Stored data entries:
────────────────

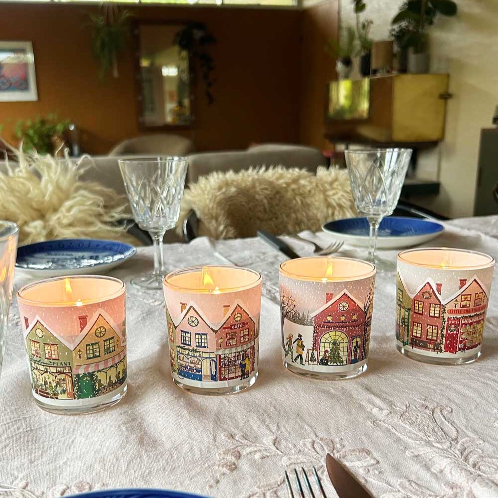 Nos bougies en verre sont illustrées par de petits villages d'hiver et remplies d'esprit de Noël, de souvenirs...
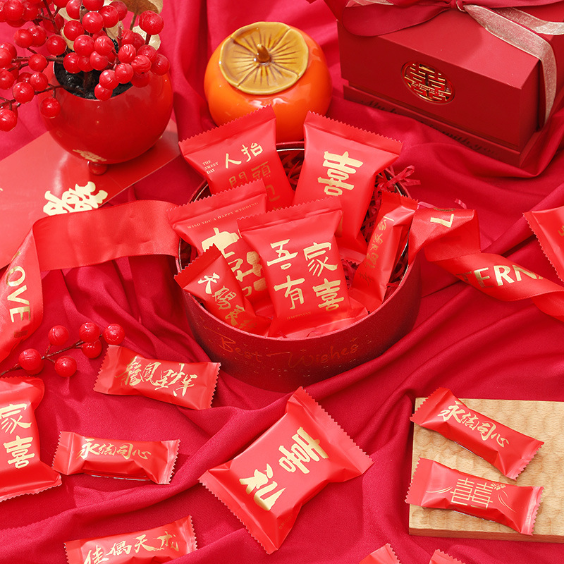 Tas kemasan renyah kepingan salju meriah Tahun Baru tas segel mesin merah nougat tas permen transparan tas biskuit pernikahan
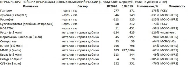 Таким образом, видно, что в сырьевом и экспортном секторах российской экономики большинство крупных предприятий переживают плохие времена.
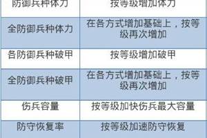 英雄系科技共分为六类七十五个技能,分别为:狂战士类、圣骑士类、神射手类、龙枪兵类、魔法师类、全英雄类。【狂战士类科技】狂战士类科技共有12项,分别为初、中、高三个级别的狂战士攻击/防御/体力/破甲科技
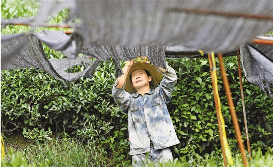 7月28日,杭州骄阳似火,在龙坞茶镇龙井茶园,何家村村民开始搭遮阳篷,使龙井茶树免受太阳炙烤。
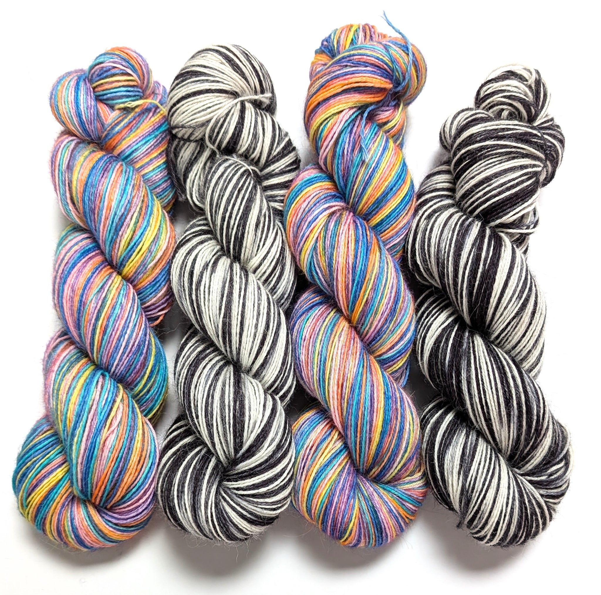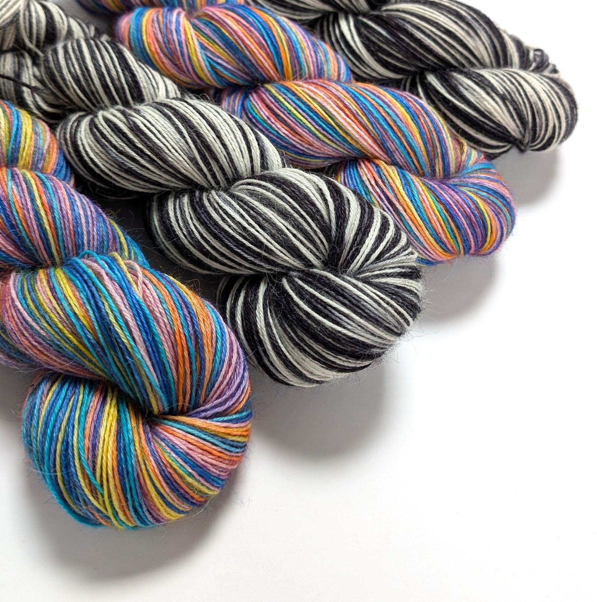 Wednesday's Window consists of 2 x 100g variegated skeins - one in blues, purple, pink, orange and yellow, and the other in black and white.
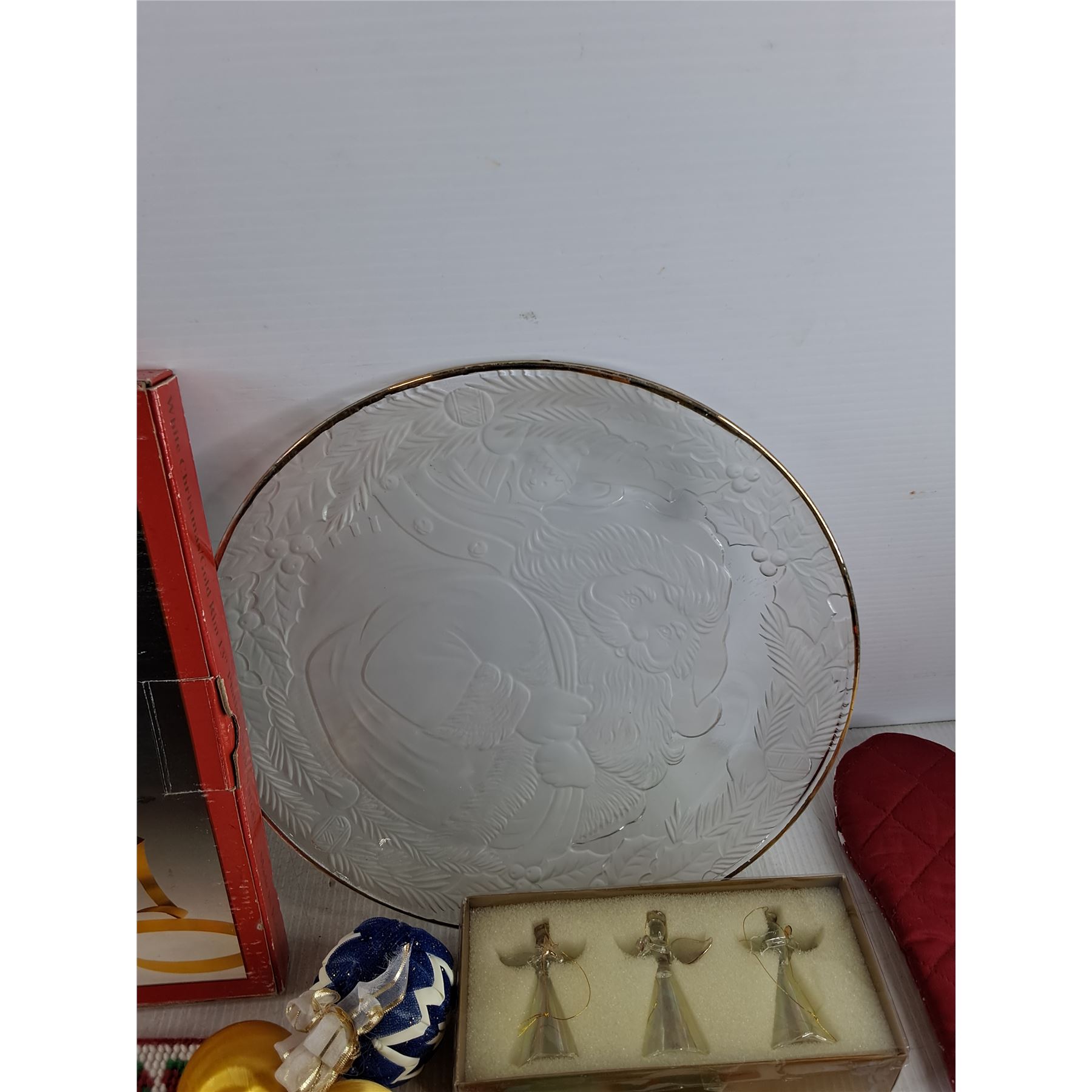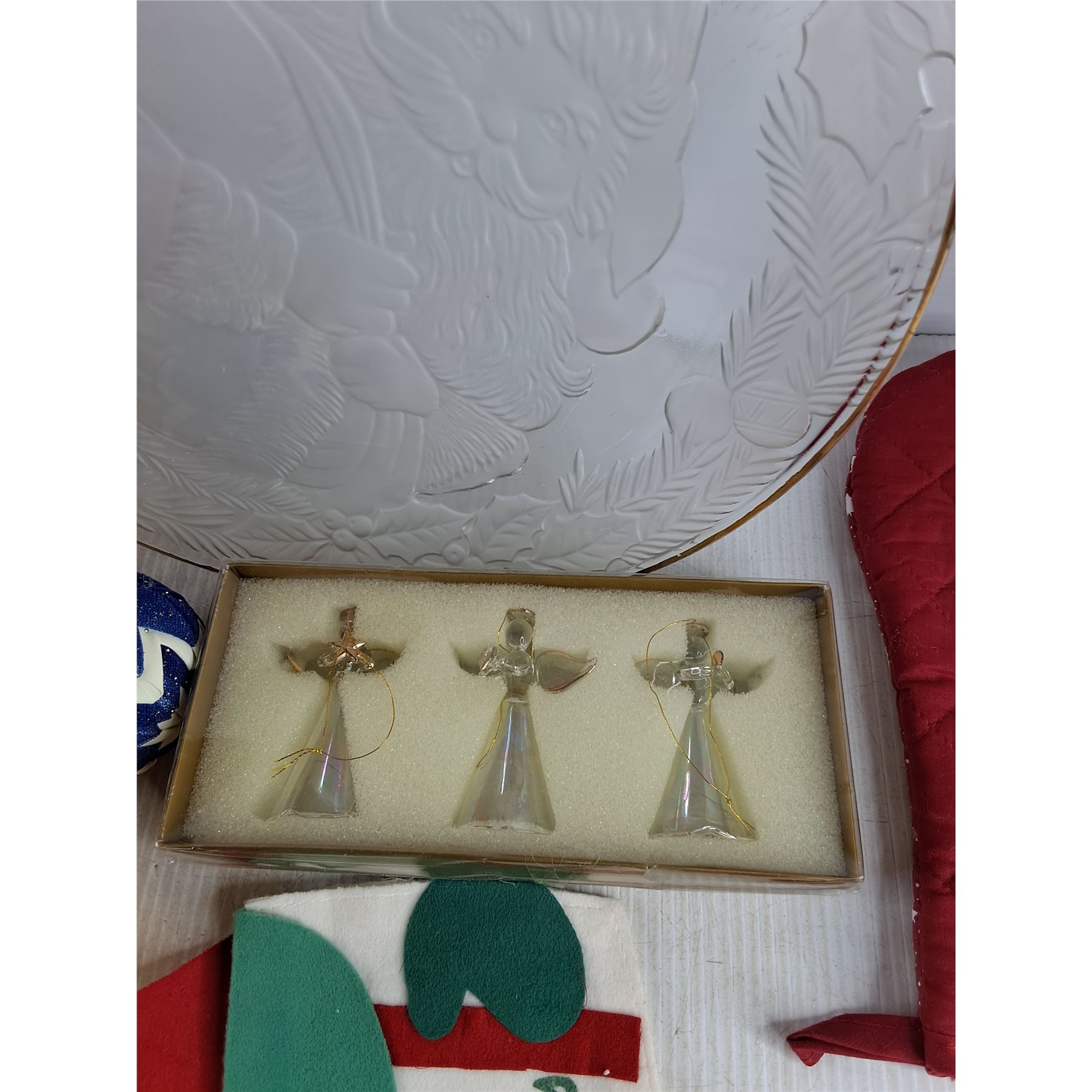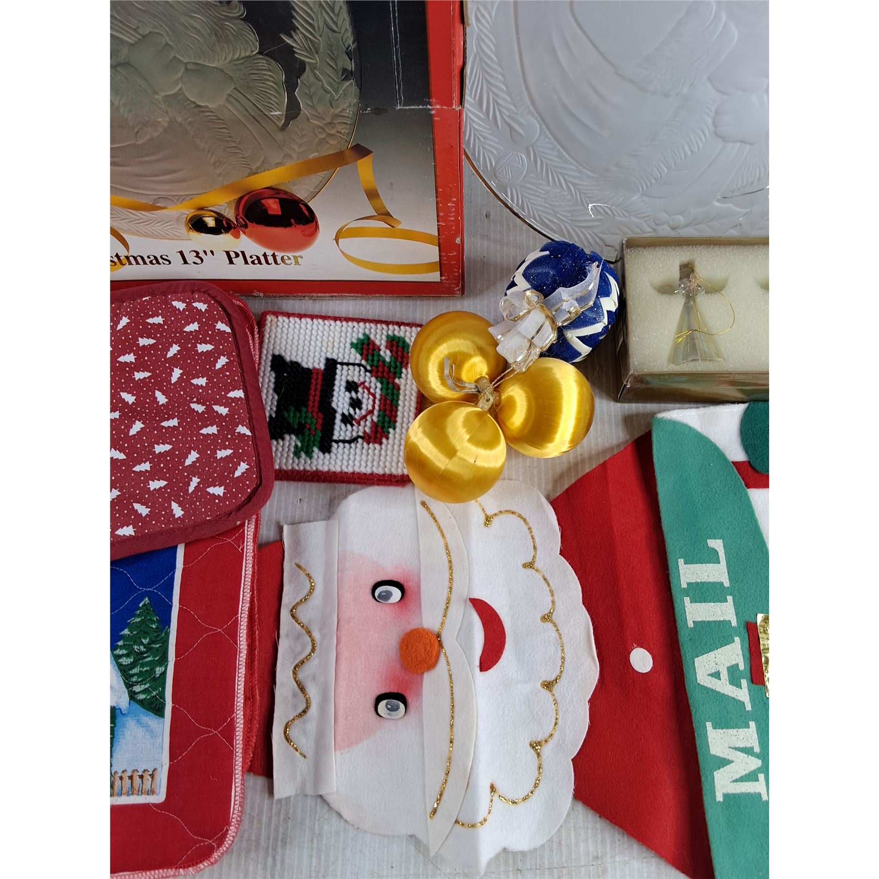 White Christmas 13" Platter, Christmas Tree Ornaments, Oven Mitten, Embroidery Coasters, Mats
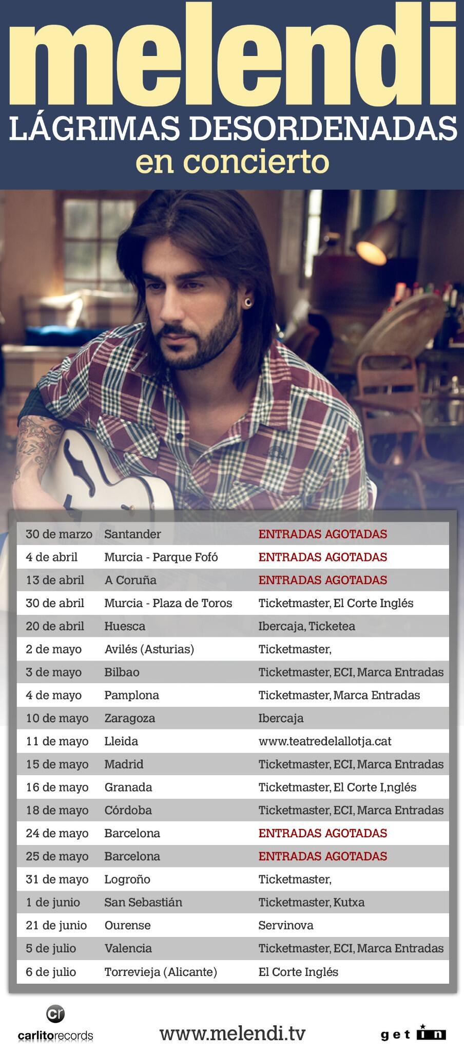 aquí os dejo una imagen para que sepáis que entradas están o no agotadas para la gira por España del álbum Lágrimas desordenadas !!..... Corred, el tiempo pasa y si no os dais prisa se agotaran las entradas, porque vuelann !!!
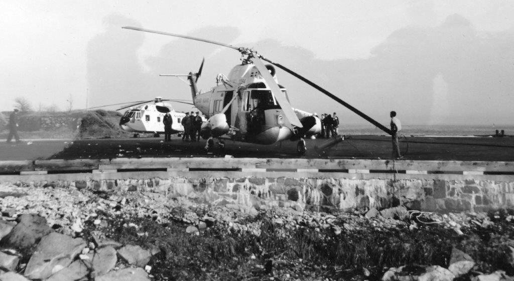 An undated (circa late 1960s?) photo of a Sikorsky HH-3F Pelican & a damaged Sikorsky HH-5A Seaguard at CGAS Salem (courtesy of Ron Janard).
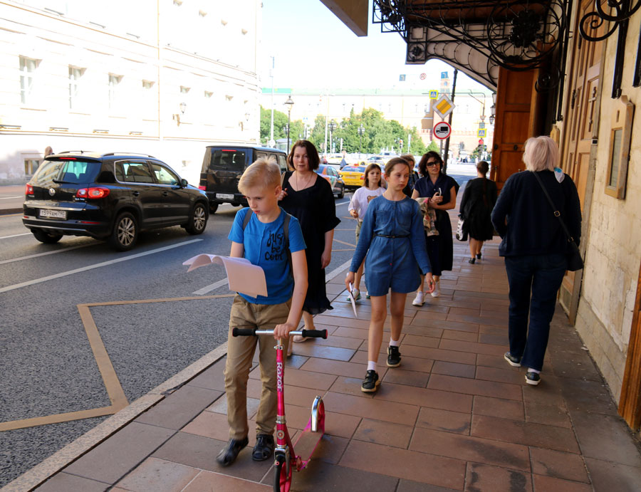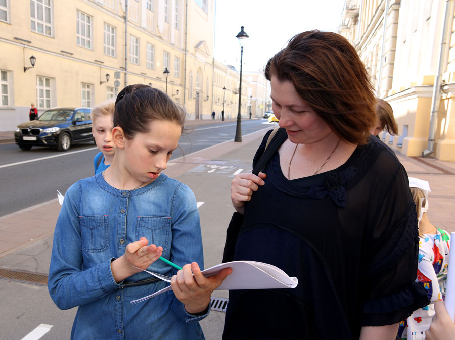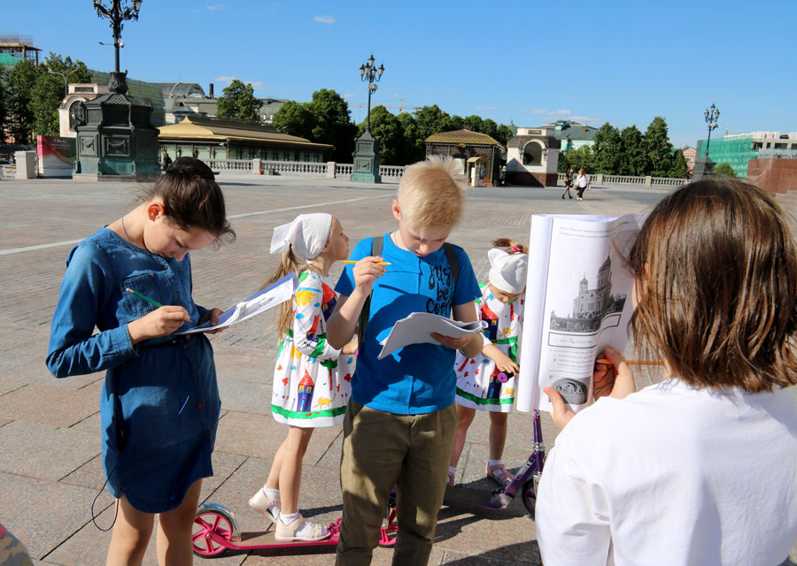 Маршрут путешествия составил около трех с половиной километров. Самые маленькие участники взяли с собой самокаты. Ребята должны были узнать, как называется тот или иной храм, ответить на вопросы, связанные с его историей, святынями и архитектурой. Все дети успешно справились с заданиями. Так они ближе познакомились с девятью московскими храмами: Вознесения Господня у Никитских ворот и на Большой Никитской, святителя Николая в Старом Ваганькове, иконы Божией Матери “Знамения” на Шереметьевом дворе и др.

────────────────

Word for word, restate the lines above from the one with "Wednesday's Window consists" through the one with "An undated (circa", keeping both ends and dropping the pictures.

 Wednesday's Window consists of 2 x 100g variegated skeins - one in blues, purple, pink, orange and yellow, and the other in black and white.
 White Christmas 13" Platter, Christmas Tree Ornaments, Oven Mitten, Embroidery Coasters, Mats
 aquí os dejo una imagen para que sepáis que entradas están o no agotadas para la gira por España del álbum Lágrimas desordenadas !!..... Corred, el tiempo pasa y si no os dais prisa se agotaran las entradas, porque vuelann !!!
 An undated (circa late 1960s?) photo of a Sikorsky HH-3F Pelican & a damaged Sikorsky HH-5A Seaguard at CGAS Salem (courtesy of Ron Janard).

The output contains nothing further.